A chord, then A letter to you on a cassette. Thus begins one of the unlikeliest #1s of all time. I chose this song to start off my Tune Tag with
, which I encourage you to read.The song did start with a letter on a cassette, one that Tim Freedman, the primary writer of the song, sent to his girlfriend. They lived in different cities and he was feeling lonely. Drinking heavily, he started noodling around the piano and out came this song. It’s a lovely romantic ballad that really stood out among the alternative rock and dance music of 1997. However, Freedman wasn’t happy with a sappy ballad so storyteller that he is, he turns it into a man’s descent into madness by the end.
Freedman’s notes on the song, which appears under the YouTube video:
I made this up quickly after drinking Irish Whiskey the night after I returned home to Sydney after visiting my girlfriend in Melbourne. I sent her the cassette (which she says she'll find some day). Two old friends Pinky (Beecroft) and Chit Chat (Von Loopin Stab) had just played me a demo of a song they wrote off their chops at the place I was renting in Thirroul and I thought their “classifieds section” (ie the “forty shaved sexy...”) would take the tune into a different dimension. So they let me borrow it.
After Stevie Plunder died in 1996 I was moving away from the roots sound of the first two albums. Here you can hear that change in one song, as Andy plays his double bass in the first half, and the electric in the second. The song took off on the radio and suddenly in October 1997 we had a Gold album before we’d even got around to shooting any film clips. It was voted ARIA Song of the Year, and just in time we could stop working cheap.
Rob Taylor and I mixed the album at Alberts in Neutral Bay. I remember the last hour of the recording with all the budget gone, I was singing the outro over the top of the completed mix, trying to find out just how deranged our protagonist should become. Deadlines can be liberating.
Pinky and Chit Chat are Matt Ford and Glen Dormand, who had a band called Machine Gun Fellatio (MGF) and were close friends of Freedman. I saw them when I was in Sydney and I don’t have the words to describe what they did. They had songs called Mutha Fukka on a Motorcycle and Butter My Arse with a Pigeon, so that should give you some idea. The lyrics Freedman is referring to is from Horny Blonde Forty and it’s those lyrics that initially endeared me to the song.

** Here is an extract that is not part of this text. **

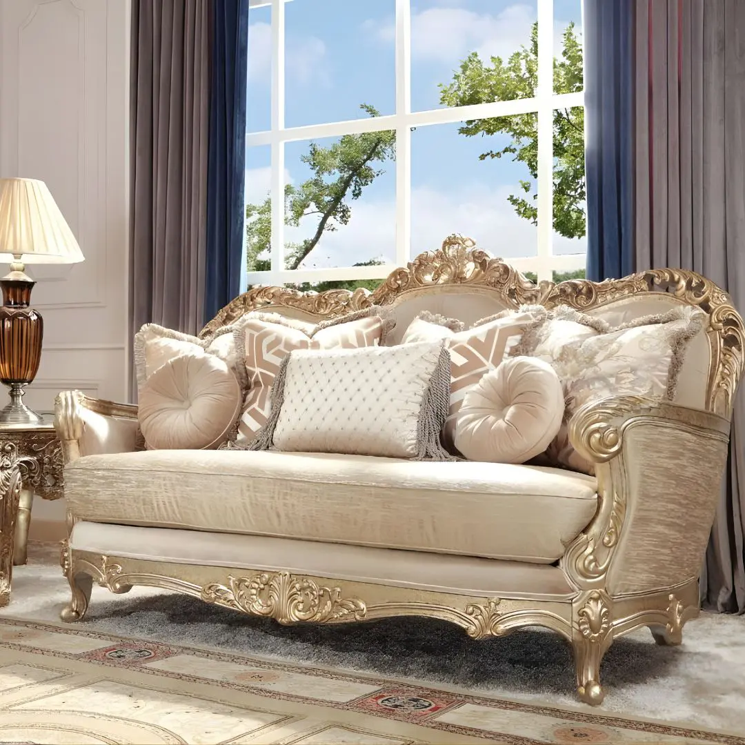 Every element of the HD-8925 Loveseat speaks of refinement. From its hand-carved details to the regal tones of gold and champagne, the design showcases a unique harmony of opulence and comfort, ideal for luxury real estate, hospitality lounges, and interior design projects demanding a statement piece.

Forty, shaved, sexy, wants to do it all day
With a gun-totin', trigger-happy tranny named Kinky Renée
Tired teacher, twenty-eight, seeks regular meetings
For a masculine, muscular, nappy-clad, brutal breeding
While his wife rough wrestles with a puppy all aquiver
On a wine-soaked, strobe-lit Asiatic hall of mirrors
Oh, the 90s.
Here’s a great article looking back at the ascent of the song 20 years later. Basically, Freedman dropped off a bunch of cassettes of the song in record stations a few weeks before the Eternal Nightcap album dropped. (I wrote about another track off that album here.) It went into heavy rotation on Triple J, the Australian Broadcast Corporation (ABC) and eventually went to #1 on the hottest 100 songs of the year, bringing the album with it. At the time it was the biggest selling independent album ever in Australia. Its success led Freedman to ink a distribution deal with Warner Australia, which meant there was plenty of money for the next one.

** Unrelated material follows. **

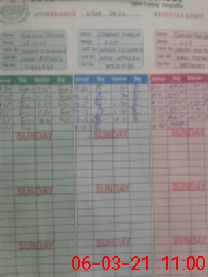 | CNIC | Full Name | Designation | R/C | Absence During Last Calender Month |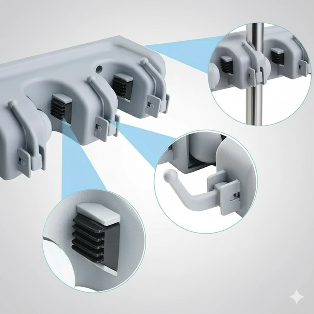 Soporta escobas, trapos, palas, cepillos y más. Ideal para optimizar cada rincón con un solo producto.

To my surprise, it actually did chart here in Canada briefly when a special version of Eternal Nightcap was released here in conjunction with the band opening for Blue Rodeo. That’s how I discovered them. (Wrote about it here.)

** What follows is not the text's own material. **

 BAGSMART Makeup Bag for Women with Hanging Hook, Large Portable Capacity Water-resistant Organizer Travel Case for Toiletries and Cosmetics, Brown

This is the famous “blue” video. The song was released without a video as Black Yak Records (Freedman’s record company) couldn’t afford one. When the song took off, there was a demand for a video so this was shot with Tim playing under moody blue lighting. I can find nothing about the director or where it was shot. The internet fails me again!
Enjoy your song of the day and enjoy my Tune Tag!
Absolutely love this song and enjoyed reading the story behind it. And great tune tag!